Precautions and known issues

Known limitations of state compatibility

  • If you are using the Table API, Apache Flink doesn't guarantee state compatibility between Flink versions. For more information, see Stateful Upgrades and Evolution in the Apache Flink documentation.

  • Flink 1.6 states are not compatible with Flink 1.18. The API rejects your request if you try to upgrade from 1.6 to 1.18 and later with state. You can upgrade to 1.8, 1.11, 1.13 and 1.15 and take a snapshot, and then upgrade to 1.18 and later. For more information, see Upgrading Applications and Flink Versions in the Apache Flink documentation.

Known issues with the Flink Kinesis Connector

  • If you are using Flink 1.11 or earlier and using the amazon-kinesis-connector-flink connector for Enhanced-fan-out (EFO) support, you must take extra steps for a stateful upgrade to Flink 1.13 or later. This is because of the change in the package name of the connector. For more information, see amazon-kinesis-connector-flink.

    The amazon-kinesis-connector-flink connector for Flink 1.11 and earlier uses the packaging software.amazon.kinesis, whereas the Kinesis connector for Flink 1.13 and later uses org.apache.flink.streaming.connectors.kinesis. Use this tool to support your migration: amazon-kinesis-connector-flink-state-migrator.

  • If you are using Flink 1.13 or earlier with FlinkKinesisProducer and upgrading to Flink 1.15 or later, for a stateful upgrade you must continue to use FlinkKinesisProducer in Flink 1.15 or later, instead of the newer KinesisStreamsSink. However, if you already have a custom uid set on your sink, you should be able to switch to KinesisStreamsSink because FlinkKinesisProducer doesn't keep state. Flink will treat it as the same operator because a custom uid is set.

Flink applications written in Scala

  • As of Flink 1.15, Apache Flink doesn't include Scala in the runtime. You must include the version of Scala you want to use and other Scala dependencies in your code JAR/zip when upgrading to Flink 1.15 or later. For more information, see Amazon Managed Service for Apache Flink for Apache Flink 1.15.2 release.

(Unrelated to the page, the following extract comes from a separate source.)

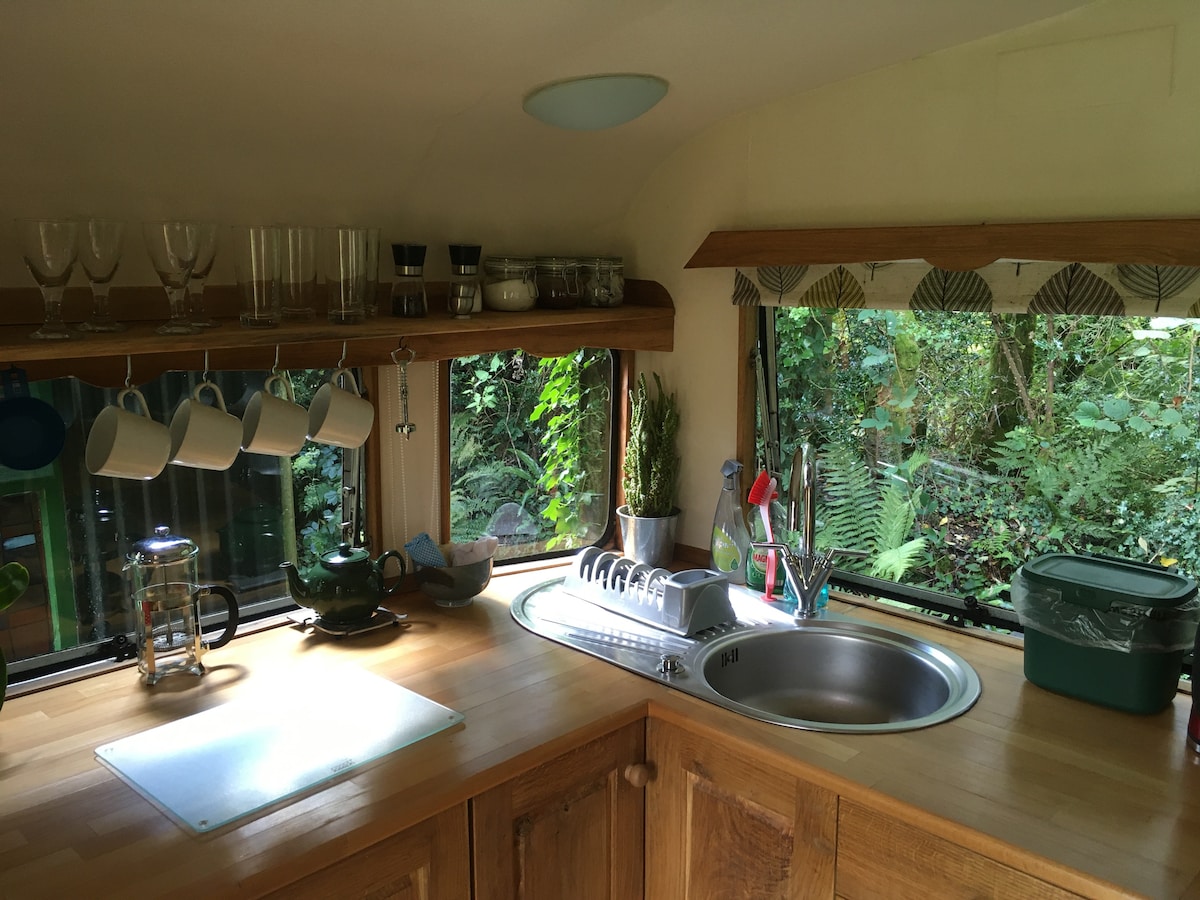 Ubicado en un hermoso jardín privado dentro de un terreno idílico de 3 acres, nuestro romántico escondite combina el encanto vintage con todas las comodidades modernas, desde calefacción por suelo radiante hasta cafetera estilo Nespresso y banda ancha de fibra. * Cama tamaño king * Cocina compacta pero bien equipada * Gran baño privado adyacente * Barbacoa y brasero (madera gratis) * Sauna, estanque natural para nadar (depende de la lluvia), kayaks, sala de juegos, hamaca * Paseos por la colina en la puerta, impresionantes playas y paseos por los acantilados cercanos * Se admite 1 perro.

  • If your application uses Scala and you are upgrading it from Flink 1.11 or earlier (Scala 2.11) to Flink 1.13 (Scala 2.12), make sure that your code uses Scala 2.12. Otherwise, your Flink 1.13 application may fail to find Scala 2.11 classes in the Flink 1.13 runtime.

Things to consider when downgrading Flink application

  • Downgrading Flink applications is possible, but limited to cases when the application was previously running with the older Flink version. For a stateful upgrade Managed Service for Apache Flink will require using a snapshot taken with matching or earlier version for the downgrade

  • If you are updating your runtime from Flink 1.13 or later to Flink 1.11 or earlier, and if your app uses the HashMap state backend, your application will continuously fail.